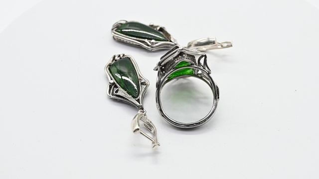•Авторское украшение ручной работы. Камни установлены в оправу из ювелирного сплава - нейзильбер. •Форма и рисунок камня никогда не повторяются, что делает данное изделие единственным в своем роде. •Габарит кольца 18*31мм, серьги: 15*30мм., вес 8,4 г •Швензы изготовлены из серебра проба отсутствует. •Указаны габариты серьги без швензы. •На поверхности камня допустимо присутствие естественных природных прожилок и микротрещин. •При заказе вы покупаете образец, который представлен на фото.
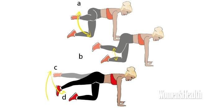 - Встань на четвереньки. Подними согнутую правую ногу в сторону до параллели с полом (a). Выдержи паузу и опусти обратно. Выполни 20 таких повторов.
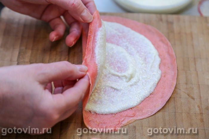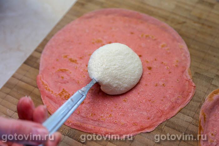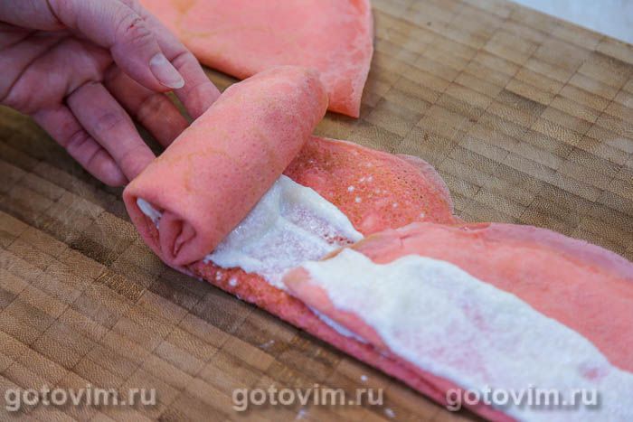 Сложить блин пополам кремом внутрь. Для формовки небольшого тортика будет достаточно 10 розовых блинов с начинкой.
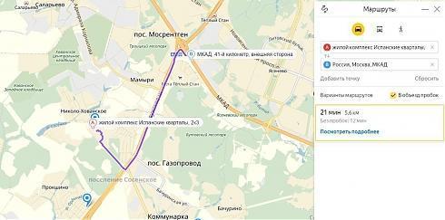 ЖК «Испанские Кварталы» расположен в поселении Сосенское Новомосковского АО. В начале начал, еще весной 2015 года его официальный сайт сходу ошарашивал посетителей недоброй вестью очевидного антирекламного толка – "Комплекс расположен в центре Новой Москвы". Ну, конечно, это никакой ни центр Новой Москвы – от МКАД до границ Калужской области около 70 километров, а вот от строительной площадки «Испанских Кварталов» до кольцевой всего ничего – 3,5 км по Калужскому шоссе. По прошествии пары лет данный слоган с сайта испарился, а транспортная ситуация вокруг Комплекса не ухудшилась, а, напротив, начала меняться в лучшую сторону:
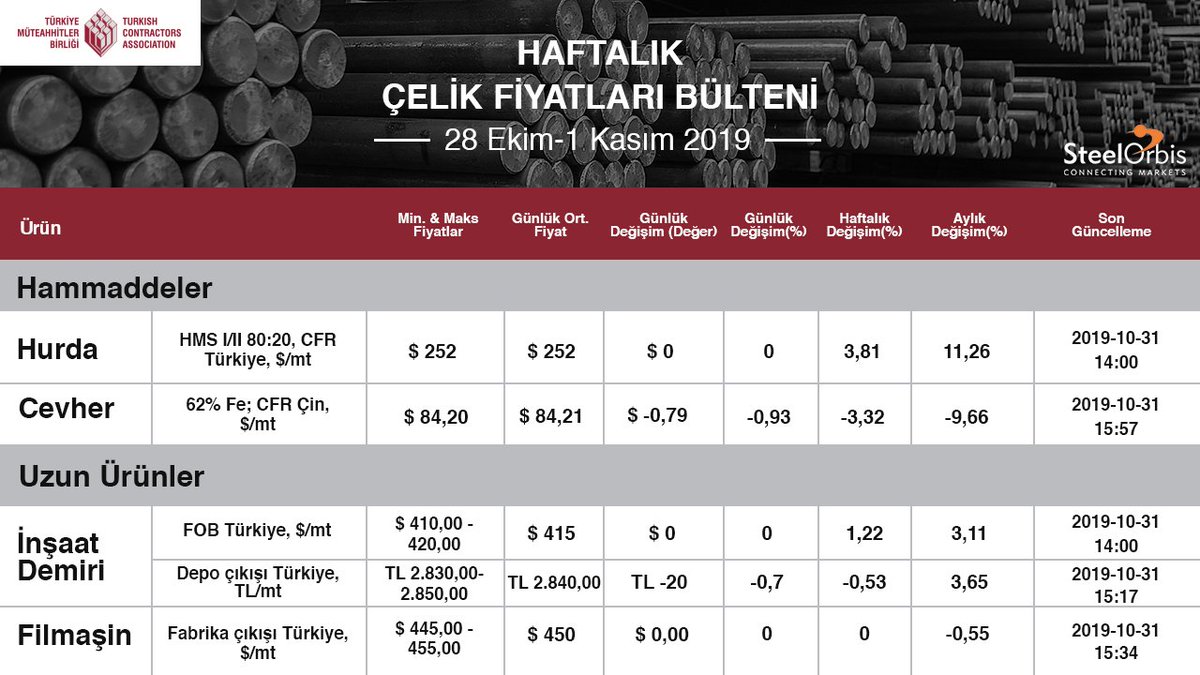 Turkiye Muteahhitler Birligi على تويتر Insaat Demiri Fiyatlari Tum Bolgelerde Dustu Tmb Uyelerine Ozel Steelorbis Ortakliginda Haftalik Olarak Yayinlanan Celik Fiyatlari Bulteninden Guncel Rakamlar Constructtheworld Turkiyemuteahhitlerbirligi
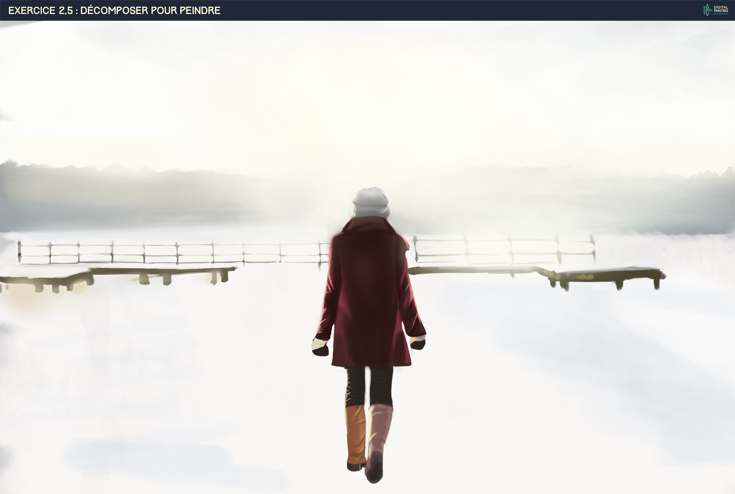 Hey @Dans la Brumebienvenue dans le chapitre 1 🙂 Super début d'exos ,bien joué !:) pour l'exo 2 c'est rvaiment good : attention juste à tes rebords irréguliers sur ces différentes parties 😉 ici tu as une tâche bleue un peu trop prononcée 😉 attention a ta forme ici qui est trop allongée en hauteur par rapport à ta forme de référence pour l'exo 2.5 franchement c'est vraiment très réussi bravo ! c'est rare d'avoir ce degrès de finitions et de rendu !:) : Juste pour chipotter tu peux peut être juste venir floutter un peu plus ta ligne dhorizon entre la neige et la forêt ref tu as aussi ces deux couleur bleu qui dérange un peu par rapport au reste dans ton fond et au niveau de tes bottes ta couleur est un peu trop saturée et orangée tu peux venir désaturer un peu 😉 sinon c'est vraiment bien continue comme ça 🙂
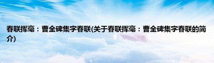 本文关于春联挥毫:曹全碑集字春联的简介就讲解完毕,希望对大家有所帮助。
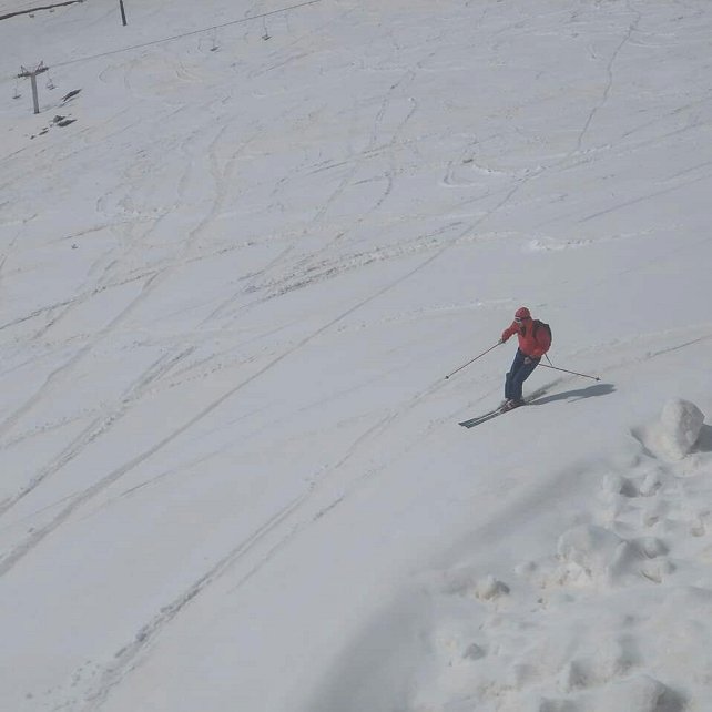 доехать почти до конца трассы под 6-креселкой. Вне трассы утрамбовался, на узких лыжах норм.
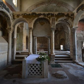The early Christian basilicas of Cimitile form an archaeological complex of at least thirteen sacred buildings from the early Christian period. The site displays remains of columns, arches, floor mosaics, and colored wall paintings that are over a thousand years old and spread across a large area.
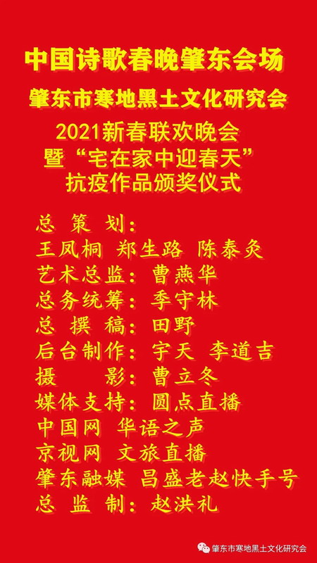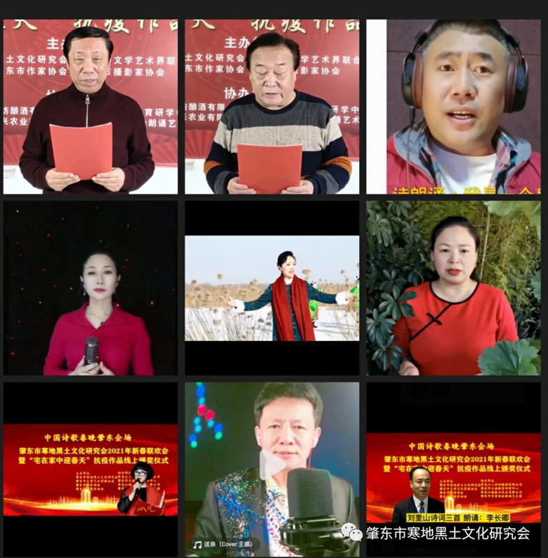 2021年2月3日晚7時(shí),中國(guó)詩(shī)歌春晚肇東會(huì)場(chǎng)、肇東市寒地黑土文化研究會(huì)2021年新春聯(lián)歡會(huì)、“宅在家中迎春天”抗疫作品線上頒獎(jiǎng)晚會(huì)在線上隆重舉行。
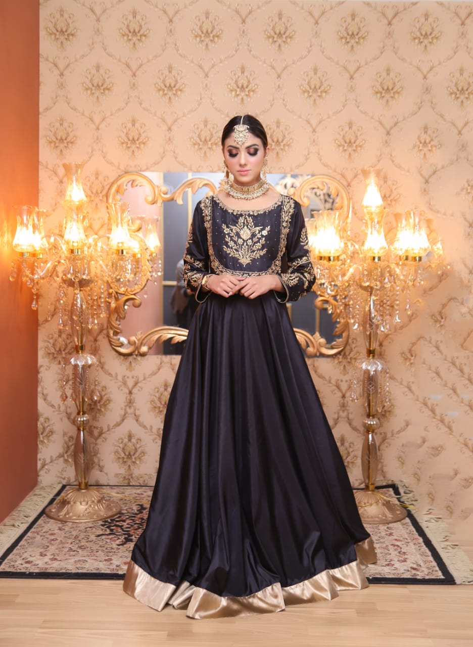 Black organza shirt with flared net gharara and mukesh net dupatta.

++++++

AIM OF THE TASK:
Find the line containing "Turkiye Muteahhitler Birligi" in the records above and restate it, and each line after it through the end, word for word, dropping the pictures.

WRITTEN RESPONSE:
 Turkiye Muteahhitler Birligi على تويتر Insaat Demiri Fiyatlari Tum Bolgelerde Dustu Tmb Uyelerine Ozel Steelorbis Ortakliginda Haftalik Olarak Yayinlanan Celik Fiyatlari Bulteninden Guncel Rakamlar Constructtheworld Turkiyemuteahhitlerbirligi
 Hey @Dans la Brumebienvenue dans le chapitre 1 🙂 Super début d'exos ,bien joué !:) pour l'exo 2 c'est rvaiment good : attention juste à tes rebords irréguliers sur ces différentes parties 😉 ici tu as une tâche bleue un peu trop prononcée 😉 attention a ta forme ici qui est trop allongée en hauteur par rapport à ta forme de référence pour l'exo 2.5 franchement c'est vraiment très réussi bravo ! c'est rare d'avoir ce degrès de finitions et de rendu !:) : Juste pour chipotter tu peux peut être juste venir floutter un peu plus ta ligne dhorizon entre la neige et la forêt ref tu as aussi ces deux couleur bleu qui dérange un peu par rapport au reste dans ton fond et au niveau de tes bottes ta couleur est un peu trop saturée et orangée tu peux venir désaturer un peu 😉 sinon c'est vraiment bien continue comme ça 🙂
 本文关于春联挥毫:曹全碑集字春联的简介就讲解完毕,希望对大家有所帮助。
 доехать почти до конца трассы под 6-креселкой. Вне трассы утрамбовался, на узких лыжах норм.
The early Christian basilicas of Cimitile form an archaeological complex of at least thirteen sacred buildings from the early Christian period. The site displays remains of columns, arches, floor mosaics, and colored wall paintings that are over a thousand years old and spread across a large area.
 2021年2月3日晚7時(shí),中國(guó)詩(shī)歌春晚肇東會(huì)場(chǎng)、肇東市寒地黑土文化研究會(huì)2021年新春聯(lián)歡會(huì)、“宅在家中迎春天”抗疫作品線上頒獎(jiǎng)晚會(huì)在線上隆重舉行。
 Black organza shirt with flared net gharara and mukesh net dupatta.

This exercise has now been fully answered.